Talk:Theory
Theory = Hypothesis?[edit]
I think 'hypothesis' is just as poor a word to use as 'theory'.
The scientific use of the word 'theory' has a speculative aspect the popular definition lacks. A scientific theory allows for current observation and predicts a future observation or the results of investigation/testing some other aspect of itself. The popular definition of 'theory' does not do that - it can be simply invented in contradiction of observation and need not have any speculative power.
In my opinion, the word 'hypothesis' has that same speculative aspect 'theory' does. A hypothesis may include invented assumptions, but they're invented for the purpose of investigating/testing/predicting some aspect of itself or the theory it was formulated for.
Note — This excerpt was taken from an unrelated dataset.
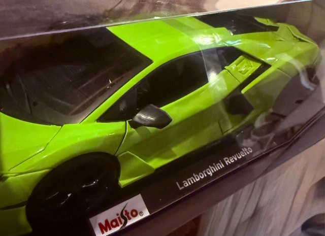 Selling a Maisto 1:18 scale special edition Lamborghini Revuelto model car, brand new in original packaging. This vibrant green sports car replica is a must-have for collectors and enthusiasts alike, showcasing intricate details and a sleek design. The model is in pristine condition, never been opened, and ready to be displayed. Cash accepted, Cashless payment accepted.

I think a better word would be 'conjecture' or possibly 'speculation'.
The regular definition of both is basically, "something unproven people made up based on incomplete evidence." They have no speculative aspect, no requirement for prediction or use in testing.
(The main reason I might avoid 'conjecture' is that the mathematical meaning is synonymous with a scientific theory, even though the regular definition is not. That may allow apologists to twist your words more easily than you wish).
I'm not going to change anything on here to reflect my opinion. But pedantry aside, I think it's a bad idea to simply take one step back to where we have to then separate a "common" hypothesis from a scientific one.